There is a tradition in Russian political culture of “coercive dating”—that is, ramping up pressure in order to force the object of desire into a dialogue. Minsk II and the Syrian adventure follow the pattern. The accord with Merkel and Hollande, which tacitly accepted Russia as both an aggressor and a mediator in the conflict, gave the Kremlin the impression that the West will sooner or later endorse Russia’s vision of a new world order where each player is allowed to interpret the rules of the game as he wishes.

This ambiguous order is the best environment for Russia’s rentier class to maintain its links with “Londongrad” while also insulating Russian society from Western idealism; it would also allow the Russian regime to base its domestic legitimacy on anti-Westernism while keeping its seat at the table in the West’s institutions of international governance.
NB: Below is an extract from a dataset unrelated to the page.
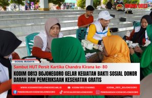 BOJONEGORO, –    Komando Distrik Militer (Kodim) 0813 Bojonegoro Kembali menggelar kegiatan bakti sosial Kesehatan berupa donor darah dan pemeriksaaan kesehatan gratis di Alun-alun Kota Bojonegoro. Kegiatan ini digelar dalam rangka memperingati Hari Ulang Tahun (HUT) ke- 80 Persit Kartika Chandra Kirana (KCK), Minggu (8/2/2026).

This order would allow the Russian system to contain the West without worrying about the threat of containment. This would be a comfortable order for many in the West, too—for those who loathe the normative dogmatism, or who have grown accustomed to the seductive (and profitable) pragmatism in dealings with Russia over the past few decades.

Russia can’t fully return to a Cold War posture. The Kremlin understands that the country lacks the resources to compete with the West. Russia’s rent-seeking elite, its wealth bound up with globalization, can’t survive without the West. And Russia’s population doesn’t want to live perpetually in a military camp anymore.
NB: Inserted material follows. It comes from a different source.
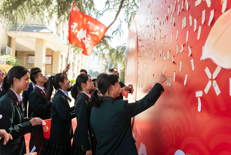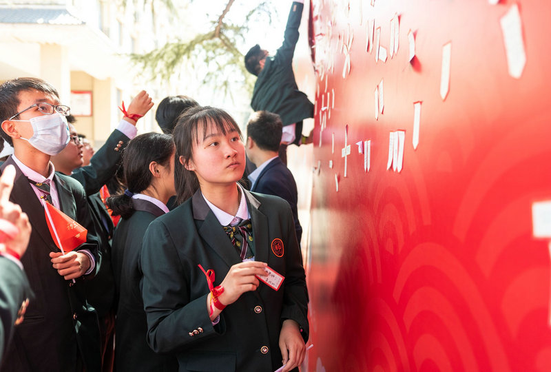 一笔一画,既是承诺,亦是鞭策。同学们以梦为马,执笔为戈,在许愿墙上落笔有力,汇聚成为梦想而战的必胜决心。

Yet, nor can the Russian system prolong itself by imitating a liberal democracy. Even partial liberalization and renewed hopes for Russia’s integration into the West would undermine the Kremlin’s military-patriotic legitimacy. Reopening channels of dialogue and restoring freedom to society would seriously undermine a regime that depends on a closed domestic order and foreign threats to maintain control. The dilemma of the Russian system is that it cannot endlessly rely on the centuries-old cycle of militarization, but it cannot survive in peacetime either.

Ironically, over the past hundred years, starting with the Bolshevik revolution, Russia has been dependent on the West for its own survival. The Soviet Union built its legitimacy around the containment of liberal democracy. After the Soviet collapse, Russia turned to imitating the West as its source of revival. Now it has returned to deterring the West once again. This oscillation of survival models—first one, then the other, and now back to the first—should allow us to conclude that the Russian system of personalized power has lost its sustainability. How long can Russia go on like this, keeping a lid on society by feeding it with false images, fake agendas, and manufactured complexes?
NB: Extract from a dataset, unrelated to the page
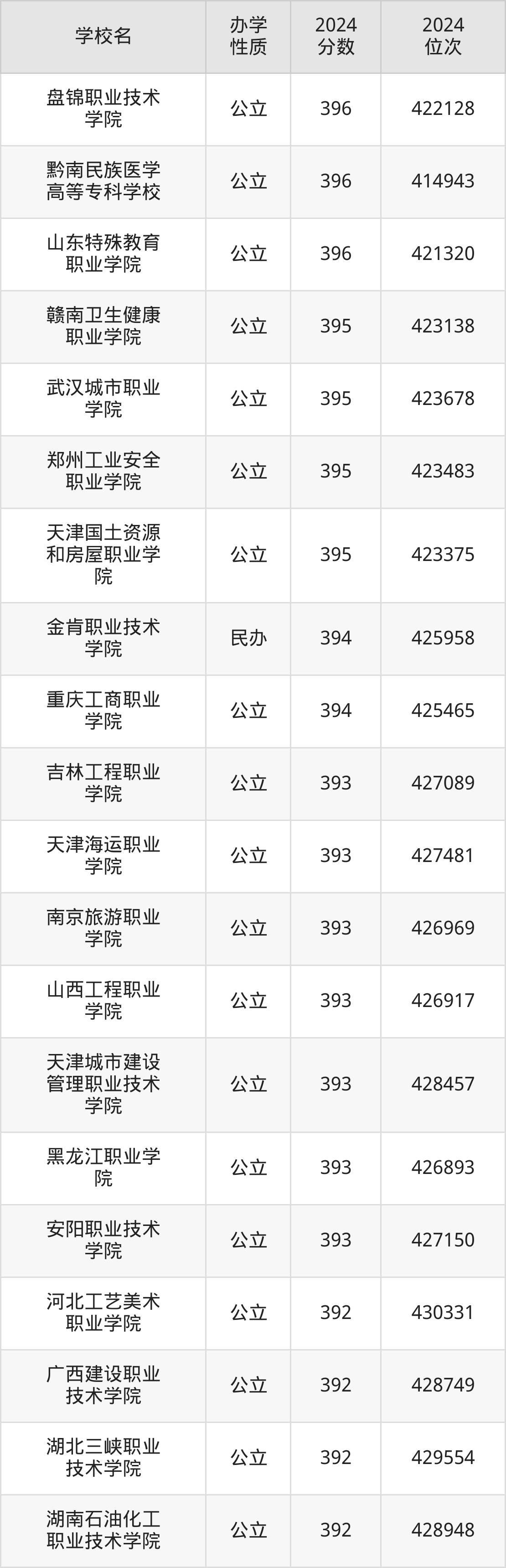 | 山西工程职业 学院 | 393 | 426917 |

It is difficult to predict Russia’s future course, but what we can say with certainty is that the Russian system can’t modernize itself. How else to explain this sudden turn to wars, this schizophrenic search for an enemy when no one is really threatening Russia inside and outside, and the impulse to lash out at anyone or anything who dares to disagree with Moscow and even at those who are afraid to disagree?

The conflict in Ukraine has turned out to be a geopolitical and civilizational clash of great magnitude, and its outcome will tell us how the Russian system will act to prolong its life. Will Russia agree to curb its geopolitical hunger and look for domestic remedies to its growing internal weakness? Or will it continue to invent new adventures with which to keep its adversaries off balance? The eventual outcome will reveal the role the West will play in determining Ukraine’s future trajectory as a European-leaning nation or a country locked within the Russian orbit. More profoundly, the outcome will tell us a great deal about the shaping of European and world order.

Lilia Shevtsova is an associate fellow at Chatham House’s Russia and Eurasia Programme. She was previously a nonresident senior fellow at the Brookings Institution’s Foreign Policy Program from 2014 to 2016. From 1995 to 2014, she was a senior associate of the Carnegie Endowment for International Peace in Moscow. She is the founding chair of the Davos World Economic Forum’s Global Council on Russia’s Future. Her books include Yeltsin’s Russia: Myths and Reality; Putin’s Russia; and Russia: Lost in Transition: The Yeltsin and Putin Legacies.